*** Opening Data extract ***
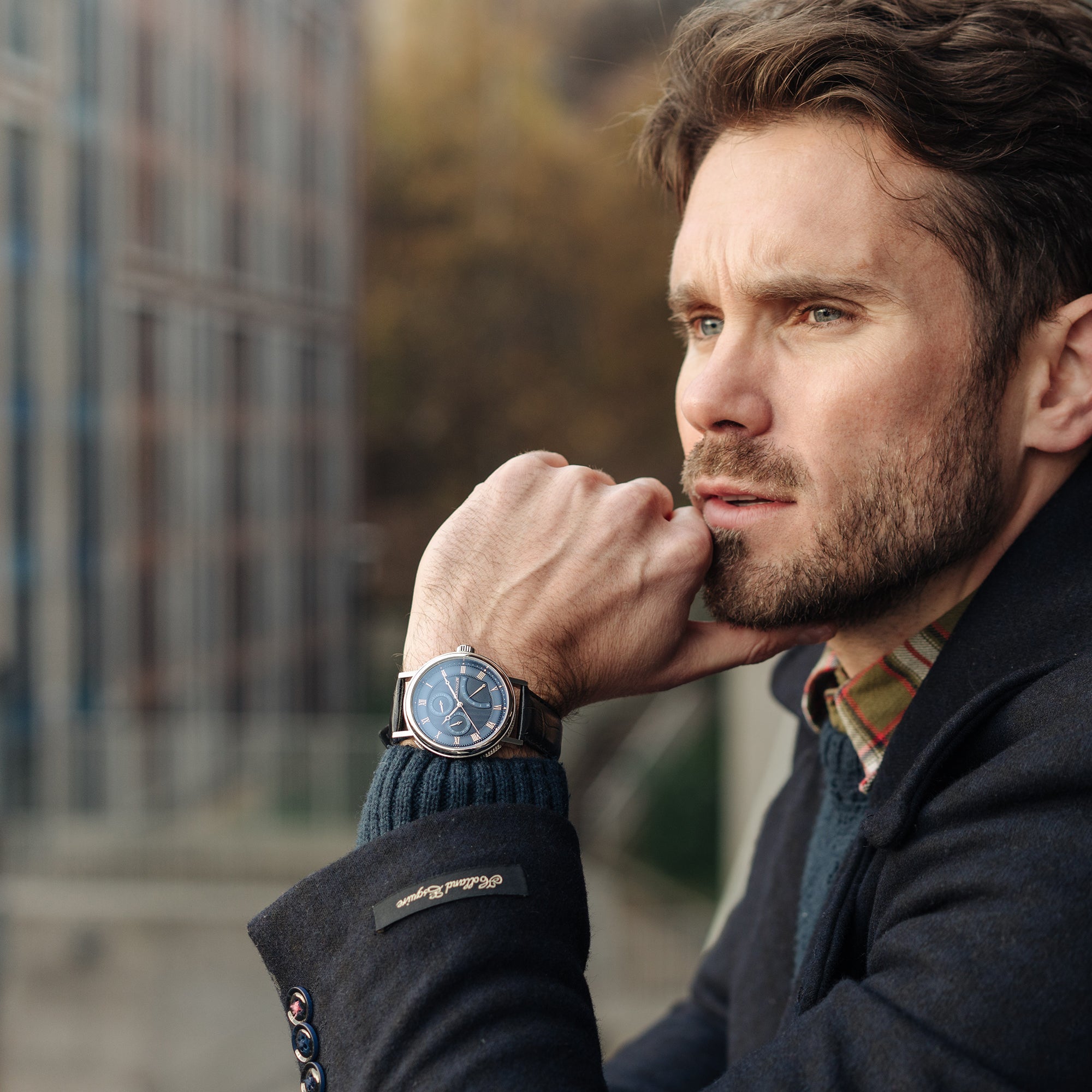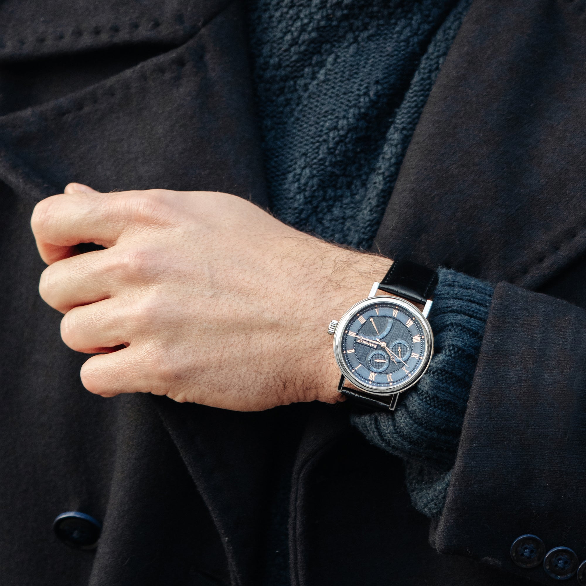 The Beaufort is a striking embodiment of refined elegance and masterful craftsmanship, designed for those who appreciate timeless sophistication. Housed in a polished 43mm case, this timepiece is powered by a precise Japan Quartz movement and features multifunction displays with a retrograde complication—offering both visual intrigue and practical utility. The classic Roman numeral indices, blued hands, and textured dial evoke a vintage charm, it is a distinguished accessory for the modern gentleman.
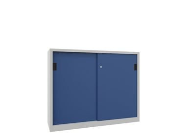 BeskrivningVerkstadsskåp med skjutdörrar för tung belastning Ellinor, höjd 1200 mm, dörrar helt i plåt, BxD 1500 x 600 mm, med skiljevägg och 2 x 2 hyllplan, dörr gentianablå
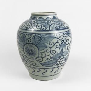 Porcelaine émaillée bleu blanc à décor de fleurs, H 23 cm
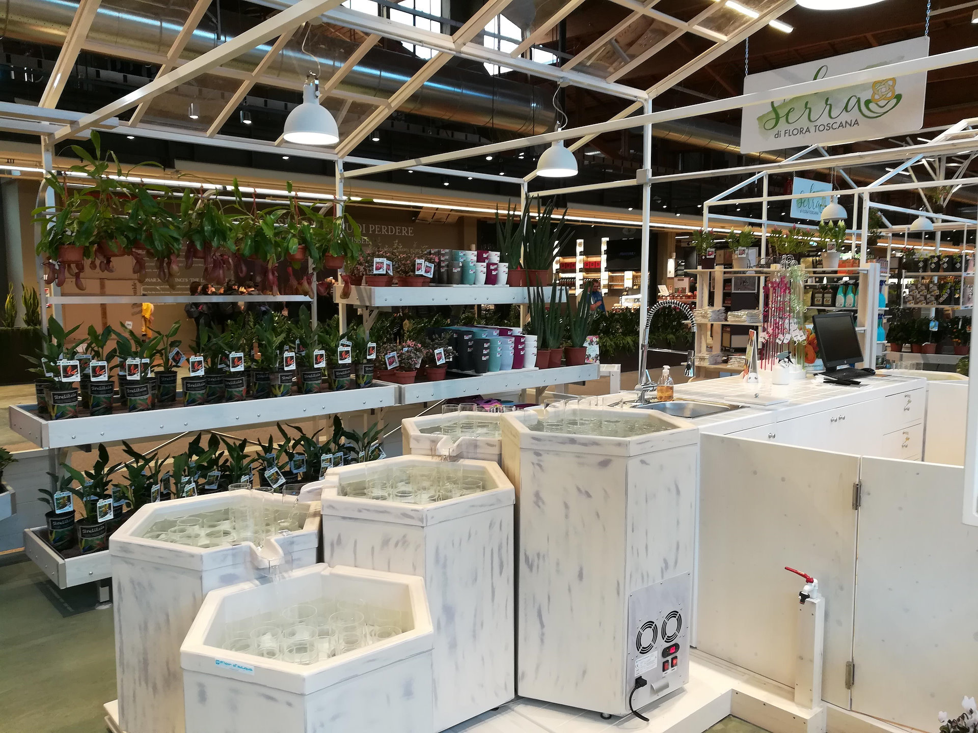 Es ist ein Ausstellungssystem mit Kuehlung für Schnittblumen, dass Dir erlaubt das Wasser nur einmal im Monat zu wechseln.
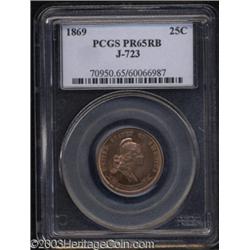 1869 25C Standard Silver Quarter Dollar, Judd-723, Pollock-804, R.6, PR65 Red and Brown PCGS.
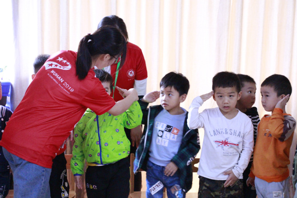 志愿者付倔艺说道,“我希望通过我们的课堂展示与讲解,让小朋友们更多的了解军运会,为武汉军运会贡献一份力量,今年同时也是新中国成立70周年,让我们一起与军运同行,为祖国点赞。”
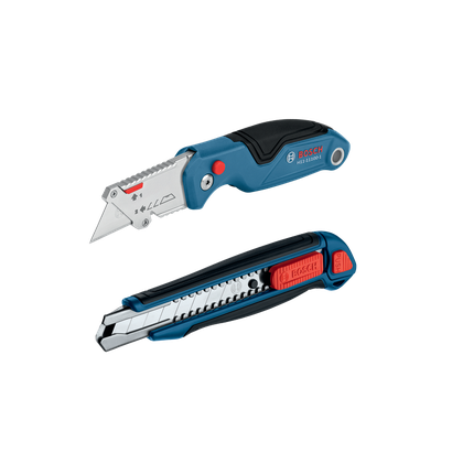 El set de 2 navajas multiusos Bosch H11-14100-1 incluye tanto una navaja plegable como una navaja de hoja desprendible de 18 mm para cortes versátiles en el trabajo. Ambas ofrecen una ergonomía y desempeño de corte excepcionales, con un diseño robusto y duradero, y cambios de hoja rápidos y fáciles. La navaja multiusos de hoja desprendible incluye un mecanismo integrado en la tapa trasera para acceder fácilmente a un borde de corte nuevo sin necesidad de otra herramienta. Compacta y portátil, la navaja plegable es ideal para llevar a diario y cuenta con un bloqueo de plegado de un botón, un innovador apoyo para el pulgar integrado para aplicar más fuerza al cortar materiales más resistentes, almacenamiento de hojas en el mango, cortador de cuerdas/correas de cajas y clip para cinturón para mayor comodidad. El set incluye: (1) navaja multiusos de hoja desprendible de 18 mm con hoja desprendible estándar precargada y (1) navaja multiusos plegable con (3) hojas multiusos estándar.
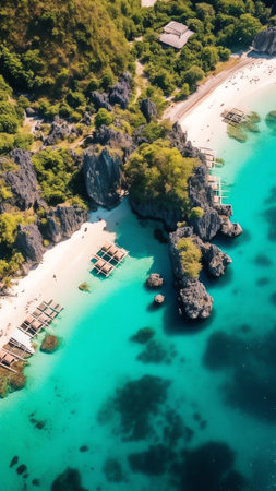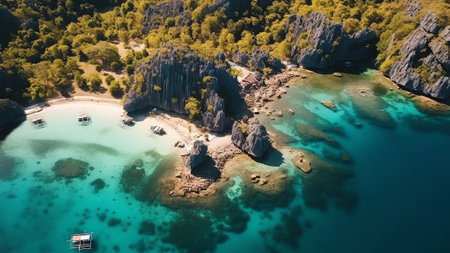 Generative AI : Aerial view of a many Catamaran boats along Coron Island coastline Bayan ng Coron Palawan Philippines
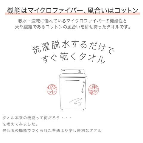 機能はマイクロファイバー、風合いはコットン。吸水・速乾に優れているマイクロファイバーの機能性と天然繊維であるコットンの風合いを併せ持ったタオルです。
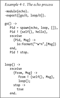- Send the “Hello” message to the “Echo” process (identified by the process ID bound to the “Pid” variable during the return from the spawn() function call) in the form of a tuple containing the parent’s process ID (returned from the call to self()) and the “hello” atom.
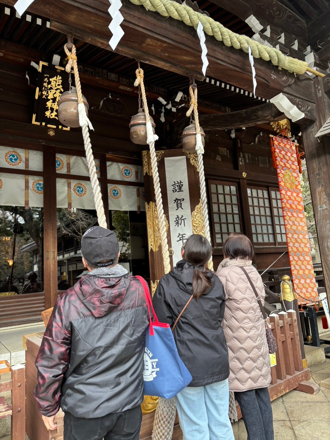 私と孫と妻 3人でお参り 願い事の後に名前と住所も伝えました
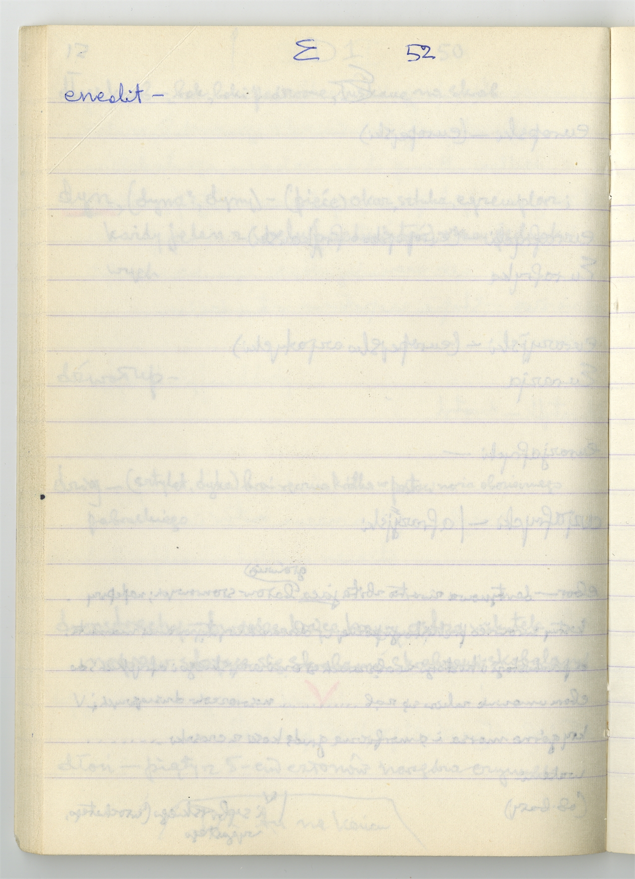 Rękopis słownika sporządzony w zeszycie w linię zatytułowany "Zumia stosowana Br. 1 A-J i D2 s. 1-120" - strona 46: hasła słownikowe na literę E c.d. (autorska strona 52)
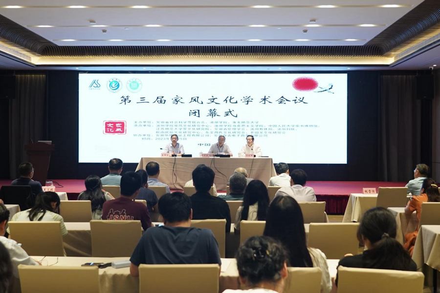 研討會上,陳延斌教授作了題為《建設以優秀家風為核心的新時代家文化》的主題報告。報告緊緊圍繞傳統家文化的組成部分、豐富內蘊、時代價值展開,強調了傳統家文化對于新時代家庭建設、家庭教育、家風培育的重要價值,以及建設以優秀家風為核心的新時代家文化的系列舉措。閉幕式由陳延斌教授主持,會上發布了《池州宣言》,倡導全國家庭教育、家庭家風等家文化研究和家庭教育培訓機構,建立全國家文化聯席會議,加強合作,資源共享,定期舉辦全國性家文化研究論壇,共同為新時代中國特色家文化建設獻計獻策,助推全國家庭教育實踐探索和家文化學術研究。
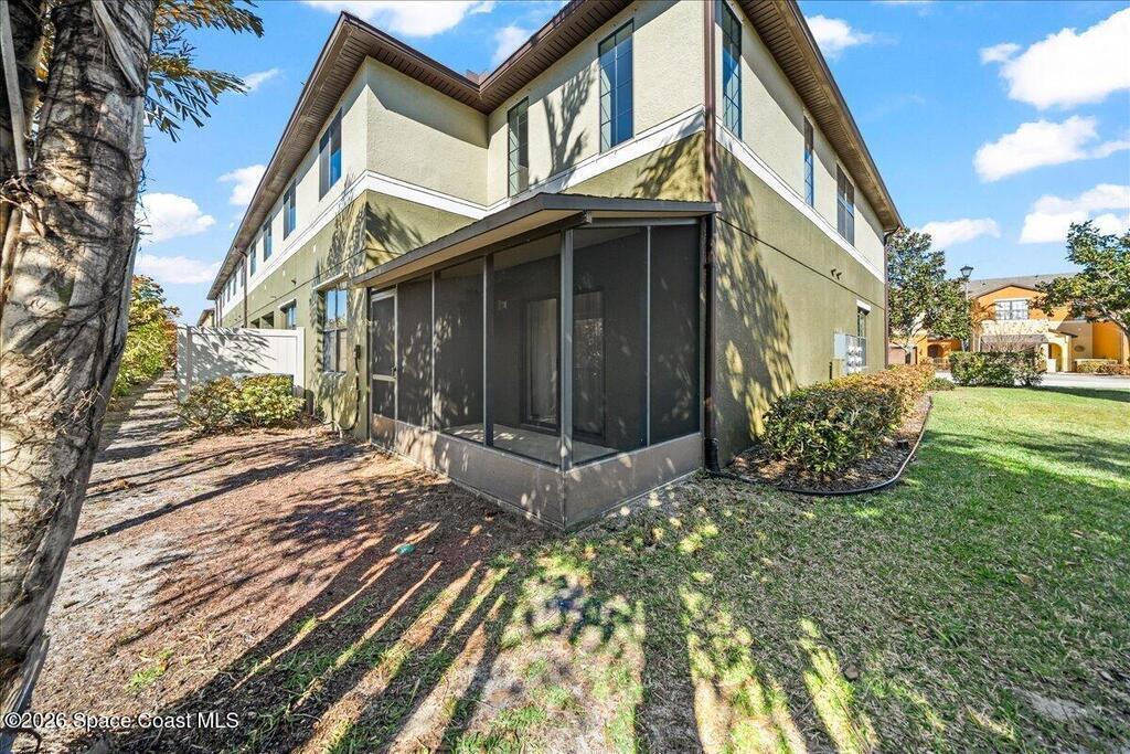 Ready for your 'right-size'' home. This immaculate, 1,975 sq. ft. end-unit townhome offers the perfect blend of single-story convenience with two-story space. The heart of this home is the spacious Ground Floor Master Suite, allowing you to age in place comfortably without sacrificing privacy. The open, airy floor plan features soaring 2-story ceilings, neutral tile, and a private screened porch perfect for your morning coffee. The kitchen is ready for entertaining with 42'' cabinets, granite counters and a breakfast bar. Upstairs, you'll find a beautiful Java Teak staircase leading to a massive loft-style living area. It is the ideal ''Flex Space''--use it as a second TV room, a grand-kids' play zone, or a dedicated home office. Two additional bedrooms and a full bath create a private retreat for visitors, so you stay downstairs while they have their own space up top! Stop worrying about bills and maintenance! The $452/mo HOA fee is a powerhouse of value.
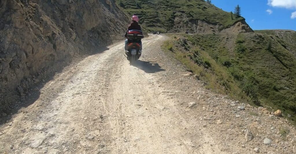 Obwohl weiterhin uneingeschränkt befahrbar, ist die Straße für die nächsten gut 5 km nicht geteert. Besonders für Motorradfahrer scheint das attraktiv zu sein.
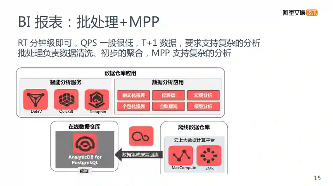 通过对业务的理解,将关键的数据保留,通过批处理预先建好DWS层的模式处理,在这基础之上,往MPP的表中导入从而支持这个复杂的分析,底层的架构是一个离线的批处理的计算,批处理完成之后将数据放入离线的表中,并导入到阿里的数仓,使用MPP的数仓来支持,以及BI类工具来支持我们的业务需求,满足复杂分析的要求。
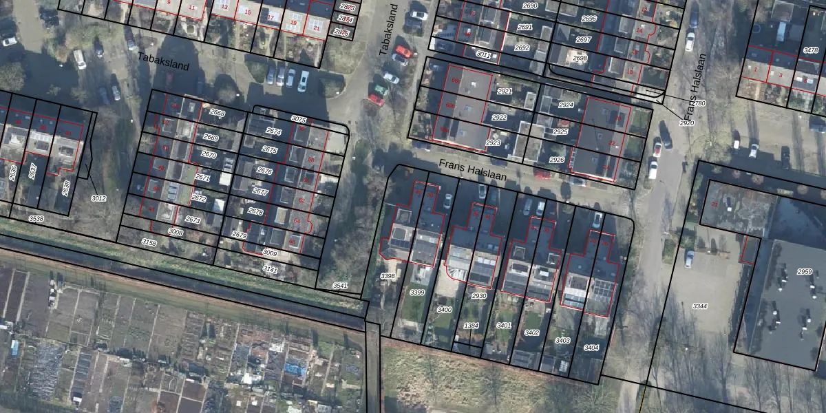 Gebruik de zoekbalk of klik op een perceel voor informatie over de adressen binnen dit perceel.
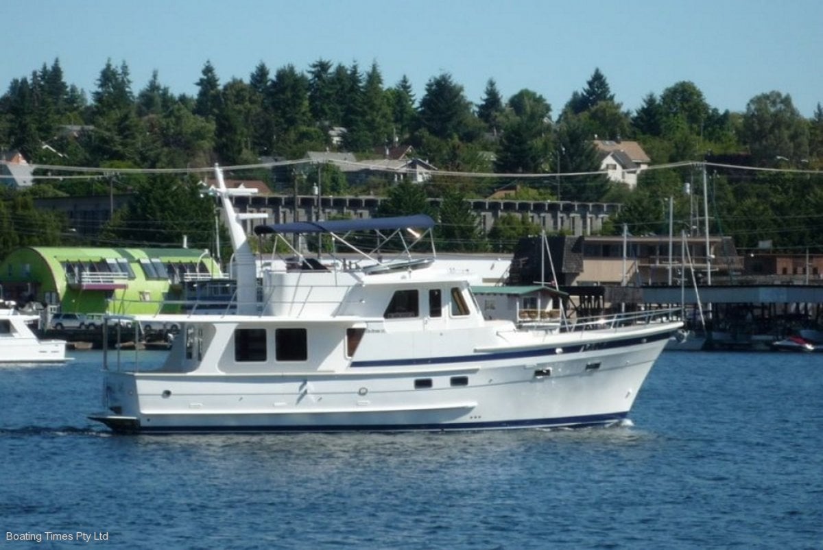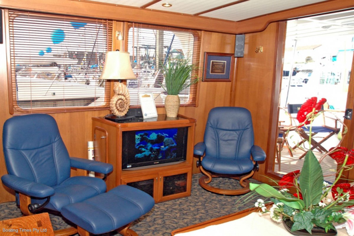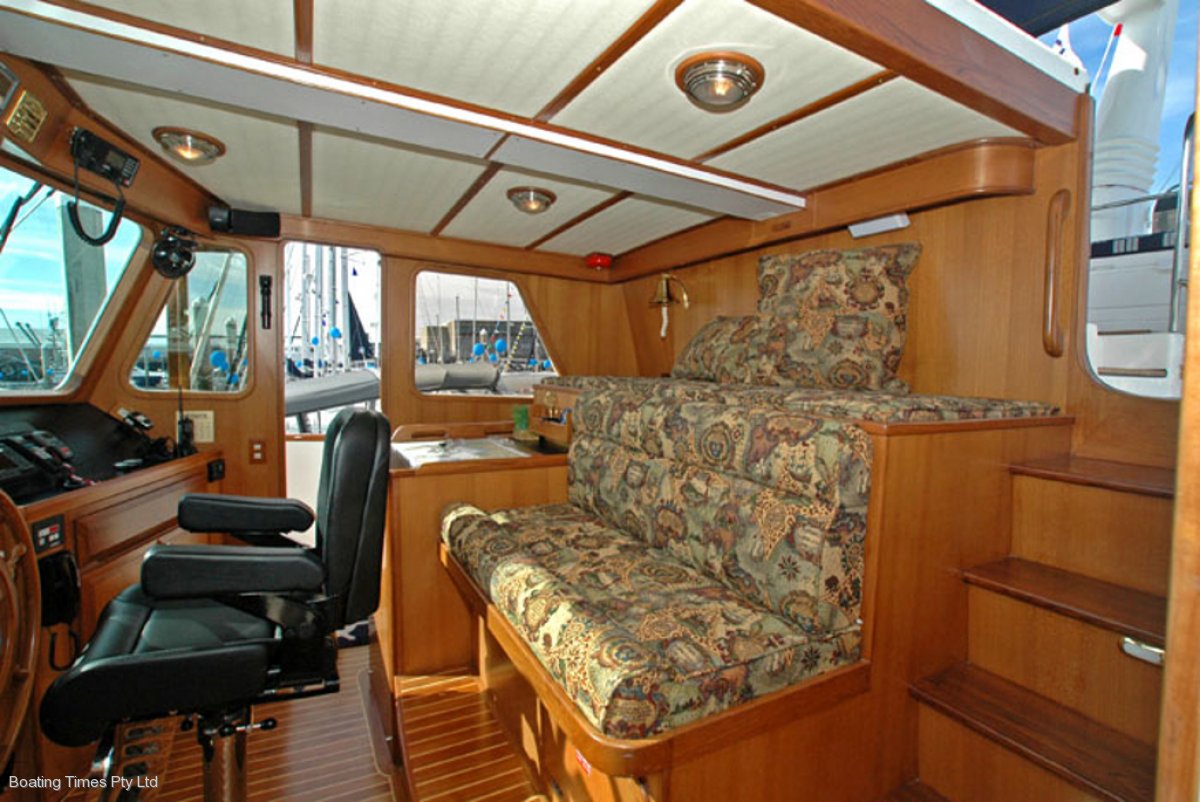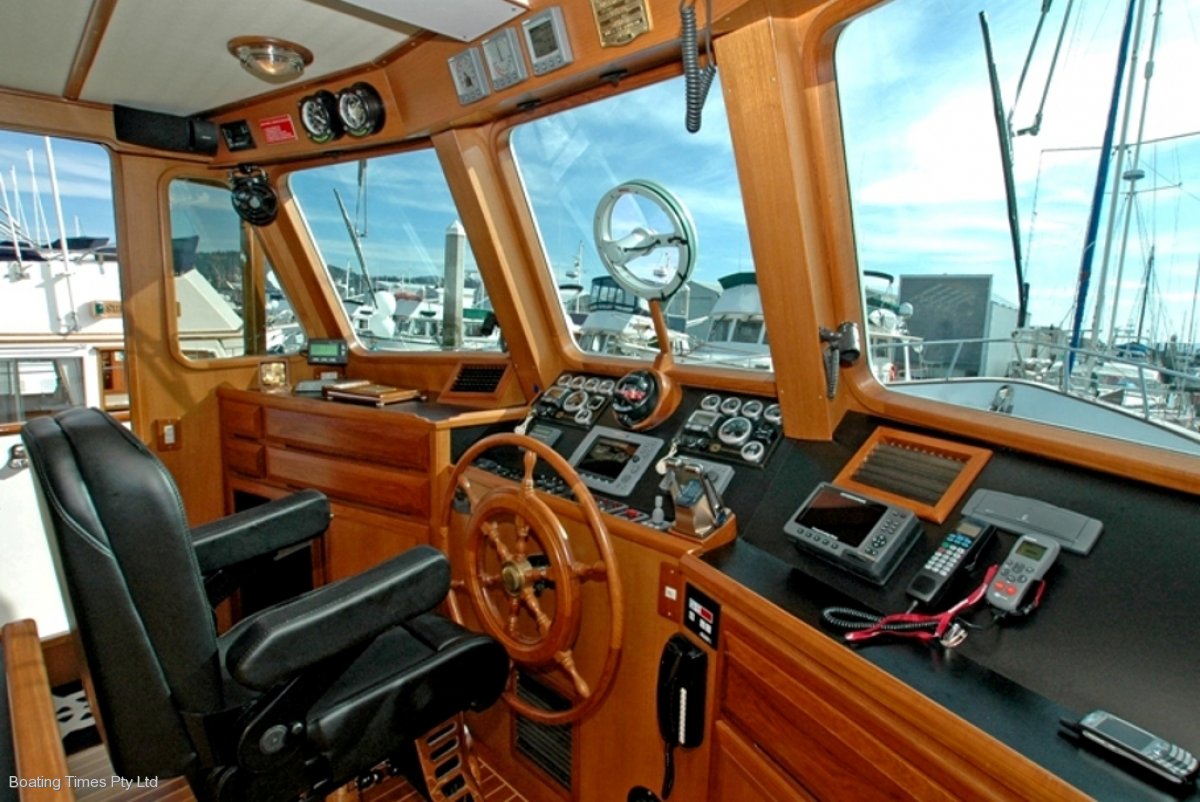 The hand-laid fibreglass hull, gelcoat finish, has a full-length keel to protect the massive underwater running gear.
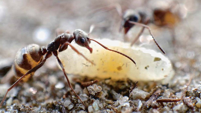 Fig. 3. Due operaie appartenenti alla specie Formica selysi mentre si prendono cura di una larva. Foto: Timothée Brütsch
*** Closing Data extract ***
* _Requirement_:
Beginning at the line with "Gebruik de zoekbalk", reproduce word for word each line through the last line of the records. Include both ends but no pictures.

* _Exercise output_:
 Gebruik de zoekbalk of klik op een perceel voor informatie over de adressen binnen dit perceel.
 The hand-laid fibreglass hull, gelcoat finish, has a full-length keel to protect the massive underwater running gear.
 Fig. 3. Due operaie appartenenti alla specie Formica selysi mentre si prendono cura di una larva. Foto: Timothée Brütsch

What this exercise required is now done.